Senate debates

Thursday, 1 December 2016

Bills

Criminal Code Amendment (High Risk Terrorist Offenders) Bill 2016; In Committee

11:33 am

Photo of George BrandisGeorge Brandis (Queensland, Liberal Party, Attorney-General) Share this | Hansard source

Senator McKim, thank you for that contribution. Given it is the last sitting day of the year I do not want to prolong the debate, but I think the observations that you make do deserve a reasonably full response.

The criminal standard 'beyond reasonable doubt' is just not apt to make what is essentially an evaluative judgement in the application of this legislation. The test that the Supreme Court judge has to turn his or her mind to under proposed section 105A.7(1)(b) says:

… after having regard to matters in accordance with section 105A.8—

to which I will come—

the Court is satisfied to a high degree of probability, on the basis of admissible evidence, that the offender poses an unacceptable risk of committing a serious Part 5.3 offence if the offender is released into the community …

It also says:

(c) the Court is satisfied that there is no other less restrictive measure that would be effective in preventing the unacceptable risk.

The term 'unacceptable risk' is not a defined term, so that is why I say there is a level of evaluation in this judgement that the court must make.
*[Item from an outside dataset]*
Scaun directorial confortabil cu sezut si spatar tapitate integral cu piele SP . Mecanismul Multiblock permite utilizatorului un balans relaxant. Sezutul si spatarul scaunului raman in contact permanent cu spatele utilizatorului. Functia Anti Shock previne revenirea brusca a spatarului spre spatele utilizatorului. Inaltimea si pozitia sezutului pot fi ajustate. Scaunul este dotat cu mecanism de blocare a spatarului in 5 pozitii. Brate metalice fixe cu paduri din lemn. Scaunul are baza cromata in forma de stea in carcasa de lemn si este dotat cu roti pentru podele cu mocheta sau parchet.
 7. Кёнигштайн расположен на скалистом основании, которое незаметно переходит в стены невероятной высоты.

The criminal standard 'beyond reasonable doubt', which means you cannot have a reasonable doubt if you are going to reach a deferment of conclusion on the basis of the criminal standard, is just not apt in the application of that test because I daresay it could be always asserted that there is a reasonable doubt as to whether or not an offender—a prisoner, I should say—convicted of a serious terrorism offence would pose an unacceptable level of risk.
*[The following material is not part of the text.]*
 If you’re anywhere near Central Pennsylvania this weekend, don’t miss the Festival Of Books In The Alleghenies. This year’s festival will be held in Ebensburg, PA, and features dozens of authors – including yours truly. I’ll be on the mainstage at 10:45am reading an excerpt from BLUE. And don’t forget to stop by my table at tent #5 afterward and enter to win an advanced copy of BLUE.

The criminal standard of proof is, in fact, a very rigid standard, and it is, as I say, just not apt to apply to a decision which involves a degree of evaluation of this kind. The matters to which the court has to have regard in proposed section 105A.8 include:

… the safety and protection of the community—

the report of any relevant expert—

… any report, relating to the extent to which the offender can reasonably and practicably be managed in the community … prepared by—

competent bodies; the offender's participation in—

… any treatment or rehabilitation programs—

while in prison—

… the level of the offender's compliance with … obligations to which he or she has been subject while—

imprisoned, on release, on parole or—

… subject to a continuing detention order or interim detention order;

… the offender's criminal history …

… the views of the sentencing court at the time—

of the conviction; and any other information that the court may have regard to. All of those matters set out quite a comprehensive list of relevant considerations to which the court needs to have regard. Those matters are only considered on the basis of admissible evidence, by the way—so hearsay is not allowed and other forms of information that are often allowed before decision-making bodies of this kind are not allowed here. It has to be admissible evidence, and the court has to make that evaluative judgement as to the unacceptable level of risk the offender poses to the community. That is why we have not used the very inflexible and, in this case, I suspect, practically impossible to satisfy, criminal standard of proof.

Bill, as amended, agreed to.

Bill reported with amendments; report adopted.